Task to complete | Skip all pictures. Set down only the lines starting at the line containing "Luzio Pen Gift" and running to the end of the listing.

Dataset content |
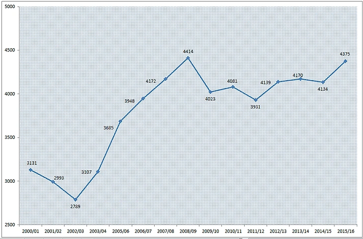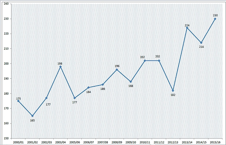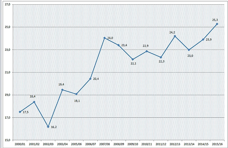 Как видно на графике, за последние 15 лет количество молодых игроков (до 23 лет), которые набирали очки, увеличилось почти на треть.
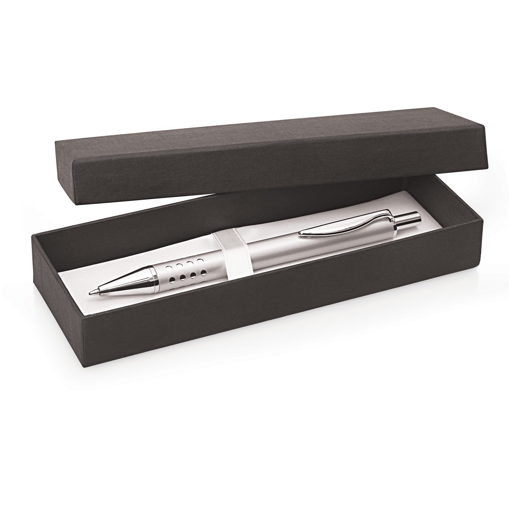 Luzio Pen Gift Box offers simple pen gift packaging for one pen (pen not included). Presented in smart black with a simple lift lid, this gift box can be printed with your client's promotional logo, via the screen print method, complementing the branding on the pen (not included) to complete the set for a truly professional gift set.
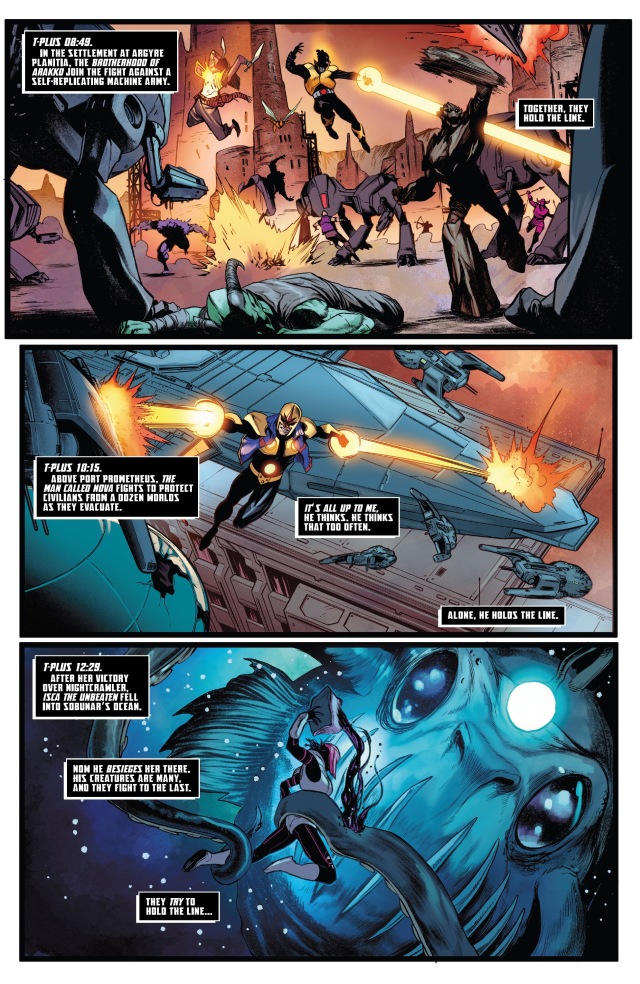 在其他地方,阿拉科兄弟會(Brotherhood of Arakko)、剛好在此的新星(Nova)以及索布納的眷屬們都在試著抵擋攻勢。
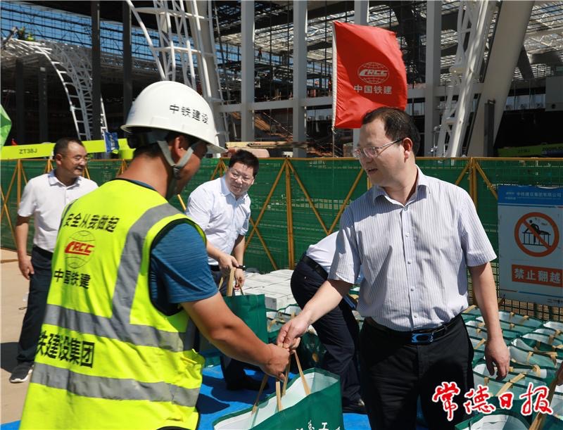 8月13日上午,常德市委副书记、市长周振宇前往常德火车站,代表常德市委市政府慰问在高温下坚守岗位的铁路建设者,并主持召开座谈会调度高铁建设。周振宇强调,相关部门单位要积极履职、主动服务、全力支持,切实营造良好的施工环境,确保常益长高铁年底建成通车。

Task solution |
 Luzio Pen Gift Box offers simple pen gift packaging for one pen (pen not included). Presented in smart black with a simple lift lid, this gift box can be printed with your client's promotional logo, via the screen print method, complementing the branding on the pen (not included) to complete the set for a truly professional gift set.
 在其他地方,阿拉科兄弟會(Brotherhood of Arakko)、剛好在此的新星(Nova)以及索布納的眷屬們都在試著抵擋攻勢。
 8月13日上午,常德市委副书记、市长周振宇前往常德火车站,代表常德市委市政府慰问在高温下坚守岗位的铁路建设者,并主持召开座谈会调度高铁建设。周振宇强调,相关部门单位要积极履职、主动服务、全力支持,切实营造良好的施工环境,确保常益长高铁年底建成通车。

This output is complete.